Preventative measures and precautions in the workplace include:

Ventilation: Improving ventilation systems to reduce airborne concentrations of harmful substances.

Engineering Controls: Using enclosed systems, local exhaust ventilation, and other methods to control exposure at the source.

Personal Protective Equipment (PPE): Wearing respirators, gloves, and protective clothing to minimize exposure.

Substitution: Replacing hazardous materials with safer alternatives.

Work Practices: Implementing safe work practices and training employees on proper handling of substances.

Medical Surveillance: Regular monitoring of employees at risk, including lung function testing and symptom questionnaires.

Early Detection: Identifying and addressing early symptoms to prevent progression of the disease.
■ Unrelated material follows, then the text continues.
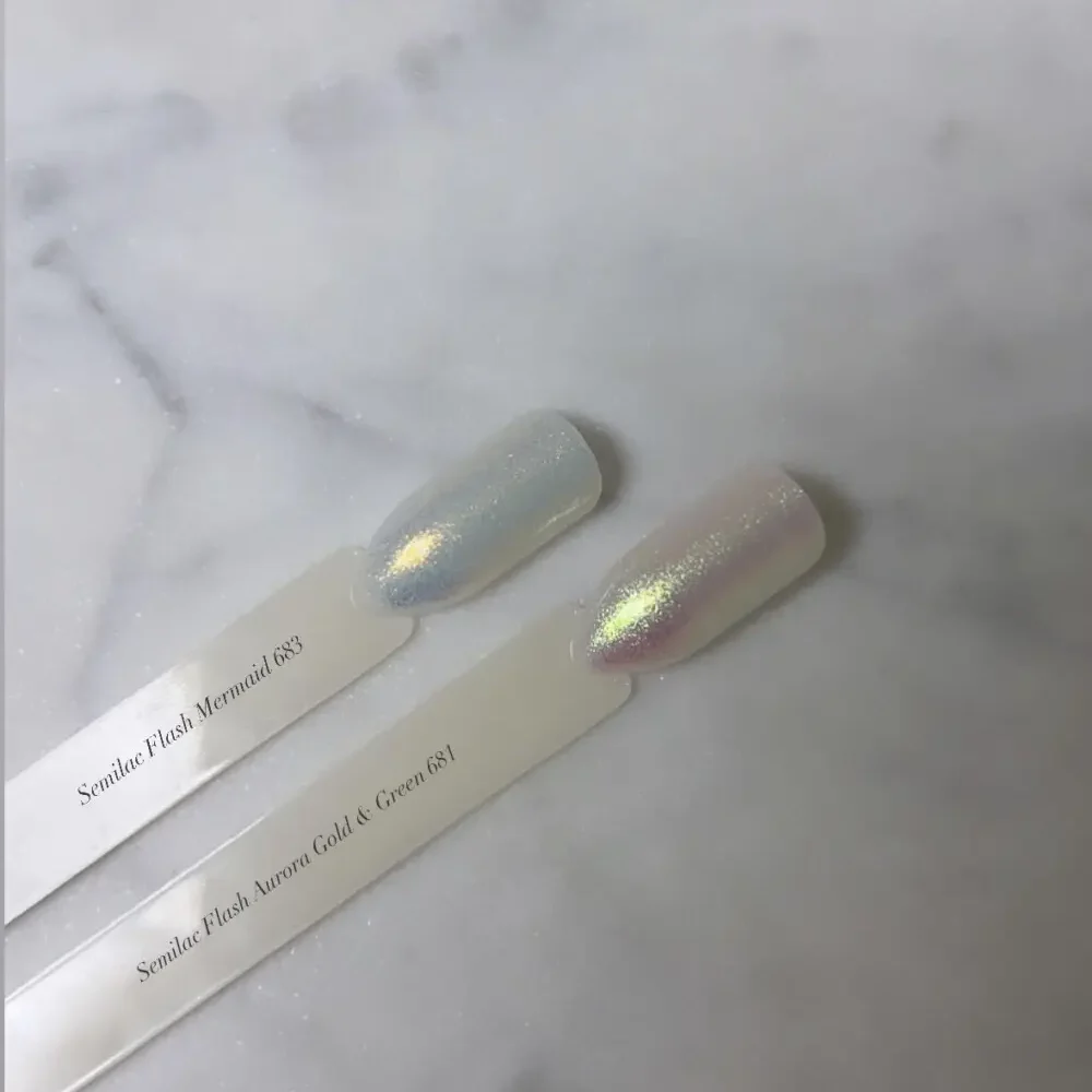Gi neglene dine en glød fra en annen dimensjon med Semilac Flash Aurora Gold & Green – et elegant og moderne pigment som gir en skimrende grønn-gull effekt. Pulveret gir en delikat, men effektfull finish som fremheves spesielt godt over en mørk base, som for eksempel Semilac Black Diamond 031. Resultatet? En glamorøs, tidløs manikyr med et aurora-inspirert preg.

How long does an outbreak last?


Occupational asthma isn't typically thought of as an "outbreak," rather as a chronic condition that develops over time with repeated exposure to a sensitizing substance. Once sensitized, symptoms can be triggered by even low-level exposures. Symptoms can persist as long as the individual is exposed to the trigger. Even after removing the trigger, symptoms may persist for weeks, months, or even years.

How is it diagnosed?


Diagnosis of occupational asthma involves:

Medical History: Detailed history of symptoms, work history, and potential exposures.

Physical Exam: A general assessment of lung function and overall health.
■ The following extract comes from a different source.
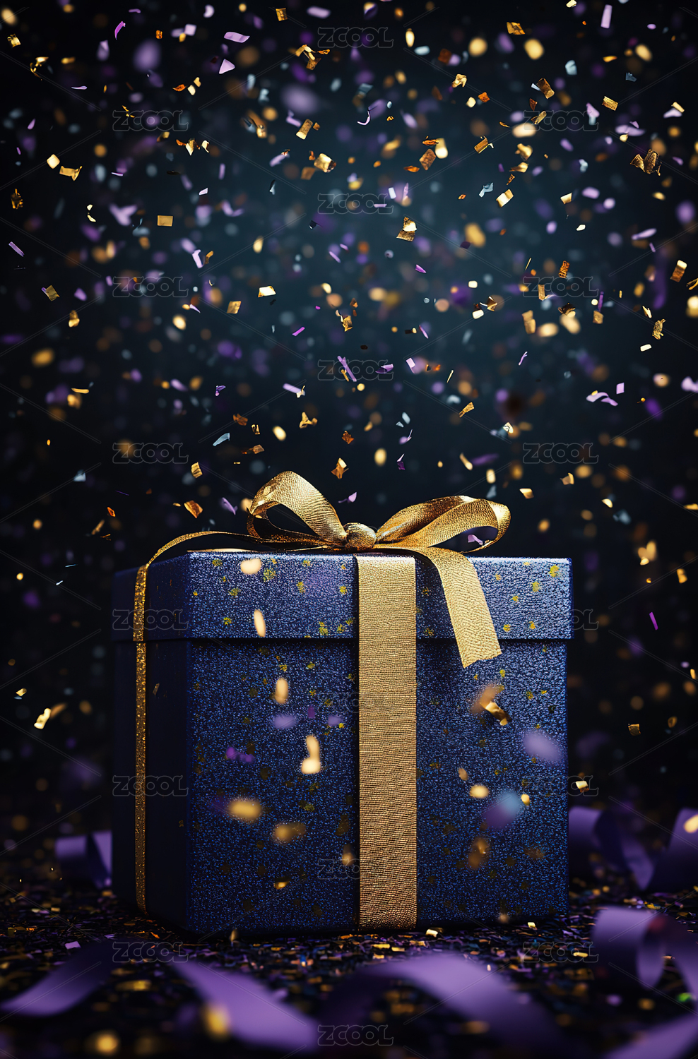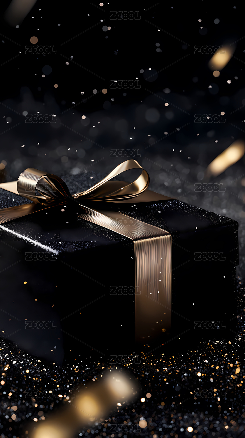 黑色礼盒与金色丝带,奢华闪耀的节日气氛

Pulmonary Function Tests (PFTs): Spirometry to measure airflow limitation and assess lung function. Bronchial provocation tests (methacholine challenge) may be used to assess airway hyperresponsiveness.

Allergy Testing: Skin prick tests or blood tests (specific IgE) to identify potential allergens.

Specific Inhalation Challenge (SIC): Controlled exposure to suspected agents under medical supervision to monitor for asthma symptoms and changes in lung function. This is the gold standard for diagnosing occupational asthma, but is not always performed due to safety concerns and availability.

Peak Flow Monitoring: Regular monitoring of peak expiratory flow (PEF) at work and away from work to identify patterns related to workplace exposures.

Timeline of Symptoms


The timeline of symptoms can vary:

Sensitization: Some individuals may become sensitized to a substance after a single, high-level exposure, while others may require months or years of lower-level exposure.

Latency Period: The time between initial exposure and the onset of symptoms can range from weeks to years.

Symptom Progression: Symptoms may initially be mild and intermittent, worsening over time with continued exposure.

Persistence After Exposure: Even after exposure ceases, symptoms may persist for weeks, months, or years, particularly if the individual has had prolonged or severe exposure. Some may experience irreversible airway damage.

Important Considerations


Early Diagnosis is Key: The earlier occupational asthma is diagnosed and exposure is stopped, the better the prognosis.

Removal from Exposure: The most important step in managing occupational asthma is complete removal from the causative agent in the workplace.

Legal and Workers' Compensation: Individuals with occupational asthma may be eligible for workers' compensation benefits.

Job Modification/Change: Affected individuals may need to modify their job duties or change jobs to avoid further exposure.

Co-morbidities: Other respiratory conditions, such as rhinitis or sinusitis, can worsen occupational asthma symptoms.

Patient Education: Educating patients about their condition, triggers, and management strategies is essential.